# Task
What is needed is an exact transcription of every record, minus the pictures.

# Records for this exercise
=======
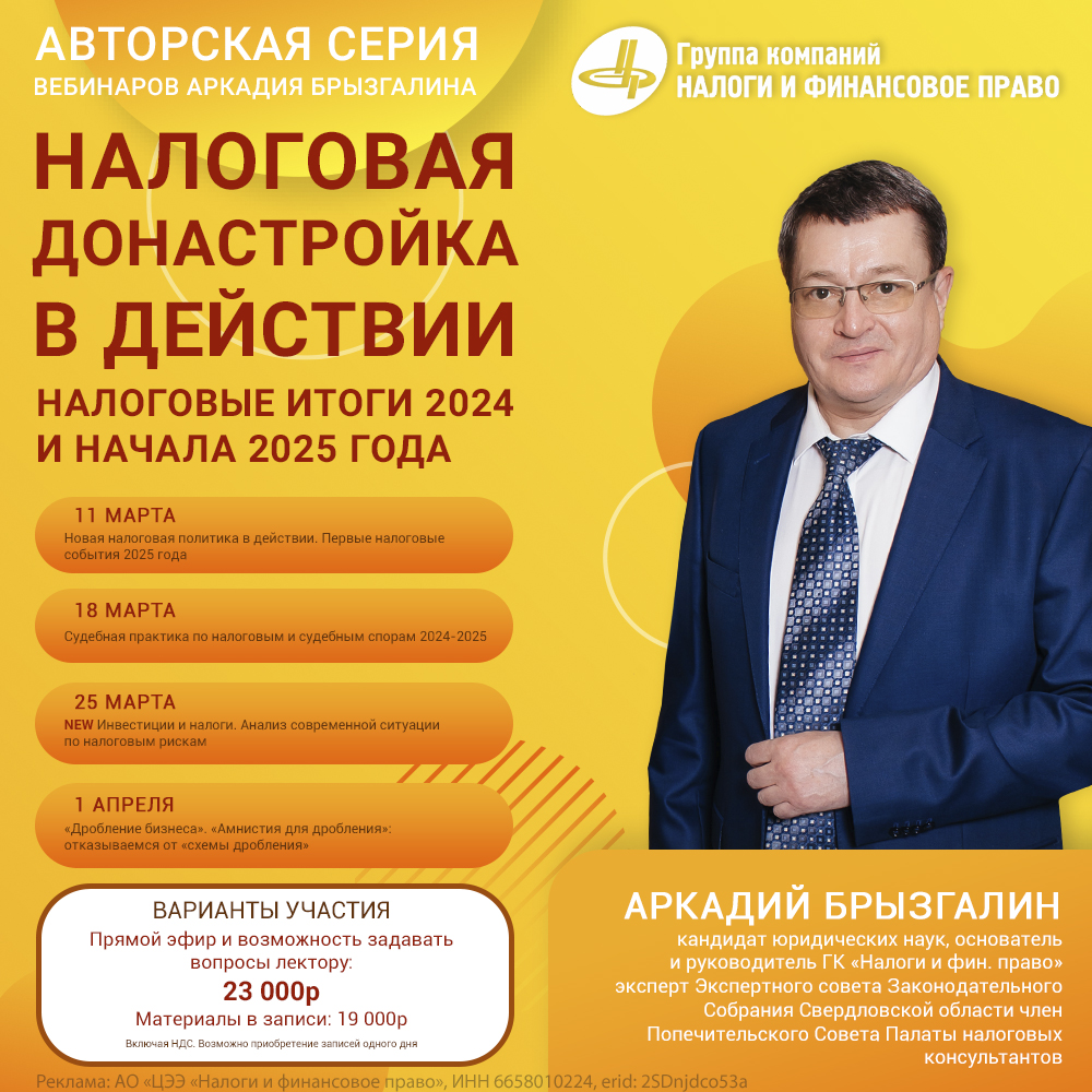 Через неделю начнётся весенняя серия авторских вебинаров А.В. Брызгалина: Налоговая донастройка в действии. Налоговые итоги 2024 и начала 2025 года
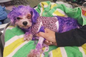 Violet wurde vor drei Monaten eingeliefert, weil sie starke Schmerzen hatte. Ihre Augen waren geschwollen, sie war schwach und apathisch, ihre Haut war verbrannt. Alles nur, weil irgendwer das Tier mit einem für Menschen geeigneten Haarfärbemittel lila gefärbt hatte. Ein Albtraum für das hilflose Tier. Die Tierärzte gaben Violet Schmerzmittel, wuschen die chemischen Substanzen ab und verbanden sie. Auf Facebook schreibt das Tierheim “Pinellas County Animal Services” aus dem US-Bundestaat Florida zu den Fotos des Tieres : “Bitte nutzt keine Haarfärbemittel für Menschen, um eurem Tier einen neuen Look zu verpassen. Und zwar unter keinen Umständen.”
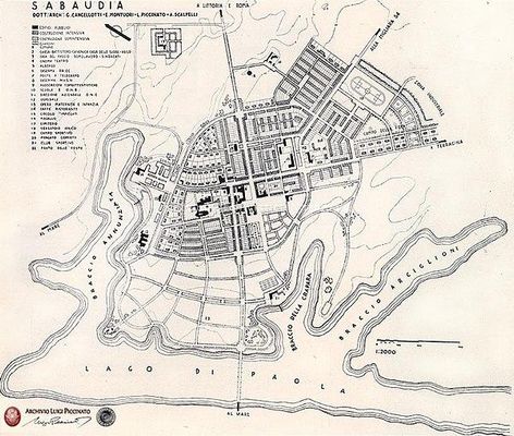 An hour and a half to the south of Rome, Sabaudia is a coastal town. It is one of several towns built on the reclaimed marshland of the Pontine Marshes Agro Pontino. This marsh was drained under orders from Benito Mussolini. Vast tracts of malaria-infested swamp were drained by workers transported from poor areas of northern Italy, leaving the coastal area south of Rome with rich farmland. These towns were built so that the fascist regime could demonstrate the draining of the marshland, as well as to provide housing communities for the increasing urban populations of Italy's large cities.
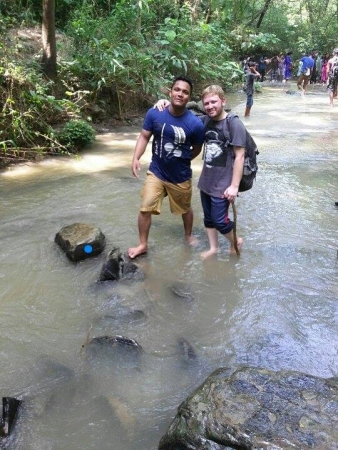উঠতে উঠতে হাঁপিয়ে গেছি। বসলাম কিছুক্ষণ। তারপর পরবর্তী ঝর্ণায় নামলাম। এখানে কিছুক্ষণ ছবি টবি তোলা হল। খাবার খেতে গিয়ে দেখি খাবার উপরে তোলা হয়নি। ভাগ্যিস আমার ব্যাগে পিয়াজু আর কলা ছিল। তাই-ই সই। শুভ ভাই দেখি কলা দিয়ে পিয়াজু খাওয়া শুরু করে দিছে। ইতিমধ্যে একটা বাচ্চা দৌড়ে নেমে খাবার নিয়ে আসছে। যেই পথ উঠতে আমাদের কিয়ামত হয়ে গেছে সেই পথ এরা দৌড়ে উঠে, দৌড়ে নামে।
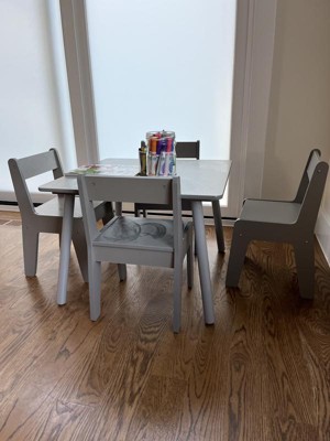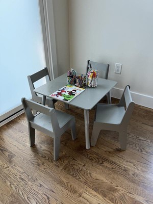 - Sturdy engineered wood 5-piece set, 1 kid's table and 4 chairs.
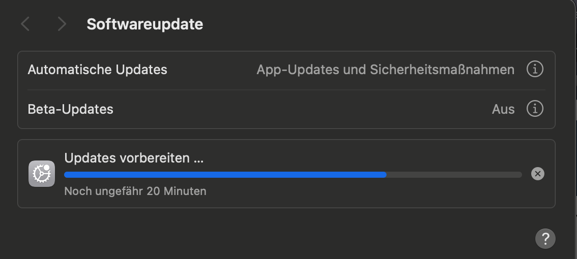 Vielleicht lohnt es sich bei dir den wahrscheinlich aktiven OCLP, die zusätzlichen WLAN-Kexte, den dazugehörigen Kext-Block und die SIP-Umgehung zu deaktivieren, dann sollte auch das Update sauber laufen.
=======
# The answer
 Через неделю начнётся весенняя серия авторских вебинаров А.В. Брызгалина: Налоговая донастройка в действии. Налоговые итоги 2024 и начала 2025 года
 Violet wurde vor drei Monaten eingeliefert, weil sie starke Schmerzen hatte. Ihre Augen waren geschwollen, sie war schwach und apathisch, ihre Haut war verbrannt. Alles nur, weil irgendwer das Tier mit einem für Menschen geeigneten Haarfärbemittel lila gefärbt hatte. Ein Albtraum für das hilflose Tier. Die Tierärzte gaben Violet Schmerzmittel, wuschen die chemischen Substanzen ab und verbanden sie. Auf Facebook schreibt das Tierheim “Pinellas County Animal Services” aus dem US-Bundestaat Florida zu den Fotos des Tieres : “Bitte nutzt keine Haarfärbemittel für Menschen, um eurem Tier einen neuen Look zu verpassen. Und zwar unter keinen Umständen.”
 An hour and a half to the south of Rome, Sabaudia is a coastal town. It is one of several towns built on the reclaimed marshland of the Pontine Marshes Agro Pontino. This marsh was drained under orders from Benito Mussolini. Vast tracts of malaria-infested swamp were drained by workers transported from poor areas of northern Italy, leaving the coastal area south of Rome with rich farmland. These towns were built so that the fascist regime could demonstrate the draining of the marshland, as well as to provide housing communities for the increasing urban populations of Italy's large cities.
উঠতে উঠতে হাঁপিয়ে গেছি। বসলাম কিছুক্ষণ। তারপর পরবর্তী ঝর্ণায় নামলাম। এখানে কিছুক্ষণ ছবি টবি তোলা হল। খাবার খেতে গিয়ে দেখি খাবার উপরে তোলা হয়নি। ভাগ্যিস আমার ব্যাগে পিয়াজু আর কলা ছিল। তাই-ই সই। শুভ ভাই দেখি কলা দিয়ে পিয়াজু খাওয়া শুরু করে দিছে। ইতিমধ্যে একটা বাচ্চা দৌড়ে নেমে খাবার নিয়ে আসছে। যেই পথ উঠতে আমাদের কিয়ামত হয়ে গেছে সেই পথ এরা দৌড়ে উঠে, দৌড়ে নামে।
 - Sturdy engineered wood 5-piece set, 1 kid's table and 4 chairs.
 Vielleicht lohnt es sich bei dir den wahrscheinlich aktiven OCLP, die zusätzlichen WLAN-Kexte, den dazugehörigen Kext-Block und die SIP-Umgehung zu deaktivieren, dann sollte auch das Update sauber laufen.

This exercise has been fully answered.